So according to SVS they are pretty close to one another with the MTS towers going a little lower, but not by much.


----------



## Warpdrv

Correct....


----------



## Funkmonkey

hey Warp, have you had a chance to compare them to your Paradigms yet? I am not trying to pressure you or anything, it's just that I have heard the Paradigm Studio series and I like their sound, so they would make a good reference point for me. I have been running all over town listening to speakers, and these are one set I know I cannot find in stores. Thank you for posting about these speakers, you seem to be the only guy out there willing to share an opinion.
cheers,
Greg


----------



## Warpdrv

I will be having a small GTG at my house on FEB 10th... so Milwaukee area people chime in if you would like to join the shootout..

I have not set them up side by side with the Paradigms just yet... but I can tell you that IMO they are a softer less aggressive speaker then the Paradigm... The Tweeters are just right, not piercing - no EQ'ing needed at all... the mids and mid bass is true to the material.... not as forward as the Paradigms. I do have to take them out to my bright room Hard Wood Floors, lots of high ceilings - echoey...

They seem to me to be more of a natural sound... The Paradigms have some coloration or punchiness to them and the tweeters ring brightly with the metal domes, so much that my delicate ears can't handle them, I have to EQ them down...

Last night I hung my Bookshelves on the wall, and let me tell you that was no easy task, they are heavy, and they look much bigger then I had in mind when thinking about wall mounted side surrounds... :scratch::duh: WOW 

I'm sure that when the women get a look at those in there,, they will just shake their heads... "MEN :scratchhead::coocoo:" 

So this whole time I have been running in 3 channel mode with no EQ or delays or distances as I never ran the Auto-Config on my receiver, just speaker size and x-over, they sounded fantastic... just clean, smooth, accurate.
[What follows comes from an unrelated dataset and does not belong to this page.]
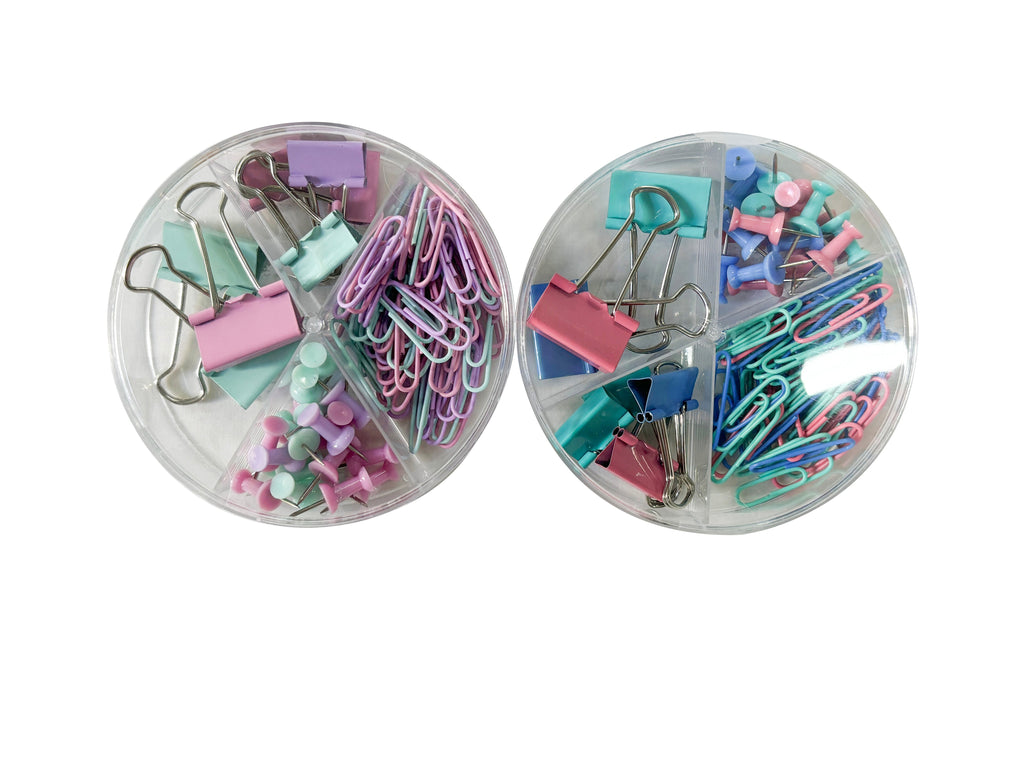 商品サイズ:ケース:10×10×2.7cm ダブルクリップ大:3.5×2.5×3cm ダブルクリップ小:2.8×1.9×2.3cm クリップ:2.8×0.8×0.15cm 画鋲:2.2×0.8×0.8cm

Anyways, after getting all 5 of them hooked up, I ran the MCACC on the Pioneer, to see what it would do to them, got all the distances perfect, delays were good... speaker size wrong - but it just downright slaughtered them with the EQ - it was all over the map and they sounded obnoxious... :thumbsdown: So after resetting them all down to small x-over 80hz and taking out all the EQ back to flat... they were even better then before, where the Receiver accounted for the reverb, delay, and possibly phase in the room...

I continue to appreciate how accurate they are... sometimes to a fault, if you have bad recordings you'll hear that edge of it... with some ****** MP3 stuff, it was noticable... I have a ton of MP3's on my server that I stream, and I could really tell with some of the stuff.

One of my favorite albums that I keep going back to is Michael Hedges - Taproot, Grammy Nominee, (Did alot of recording with Windham Hill Studios) If you haven't heard his stuff, check it out.. http://www.nomadland.com/Point_A.htm Grammy "Rootwitch" & "I Carry Your Heart"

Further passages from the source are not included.